╭──
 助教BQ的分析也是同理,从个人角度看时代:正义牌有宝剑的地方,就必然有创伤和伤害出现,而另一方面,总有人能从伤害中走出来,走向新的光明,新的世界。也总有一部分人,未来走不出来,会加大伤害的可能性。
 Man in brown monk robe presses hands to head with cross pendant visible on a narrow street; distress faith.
╰──
╭──
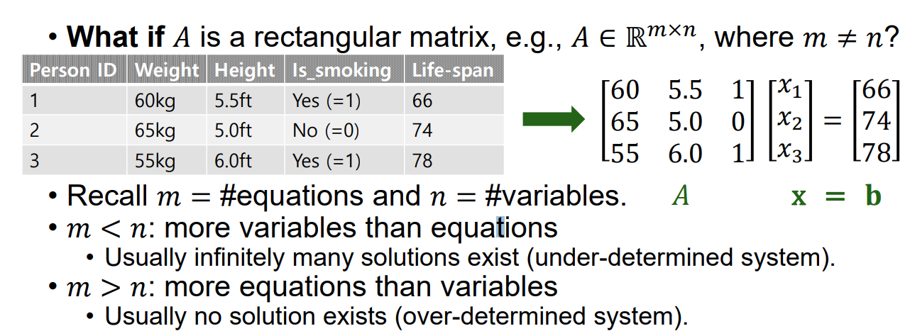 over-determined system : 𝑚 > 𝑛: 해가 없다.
╰──
╭──
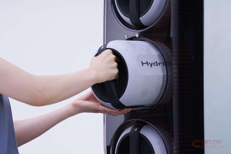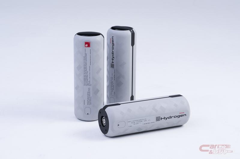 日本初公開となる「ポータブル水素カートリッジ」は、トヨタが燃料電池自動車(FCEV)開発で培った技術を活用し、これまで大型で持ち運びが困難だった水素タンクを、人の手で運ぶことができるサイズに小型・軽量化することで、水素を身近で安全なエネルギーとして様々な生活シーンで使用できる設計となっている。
╰──
REQUIREMENT:
Reproduce the lines above, beginning at the line with "助教BQ的分析也是同理,从个" and stopping after the line with "Man in brown", exactly as they are.

RESPONSE BELOW:
 助教BQ的分析也是同理,从个人角度看时代:正义牌有宝剑的地方,就必然有创伤和伤害出现,而另一方面,总有人能从伤害中走出来,走向新的光明,新的世界。也总有一部分人,未来走不出来,会加大伤害的可能性。
 Man in brown monk robe presses hands to head with cross pendant visible on a narrow street; distress faith.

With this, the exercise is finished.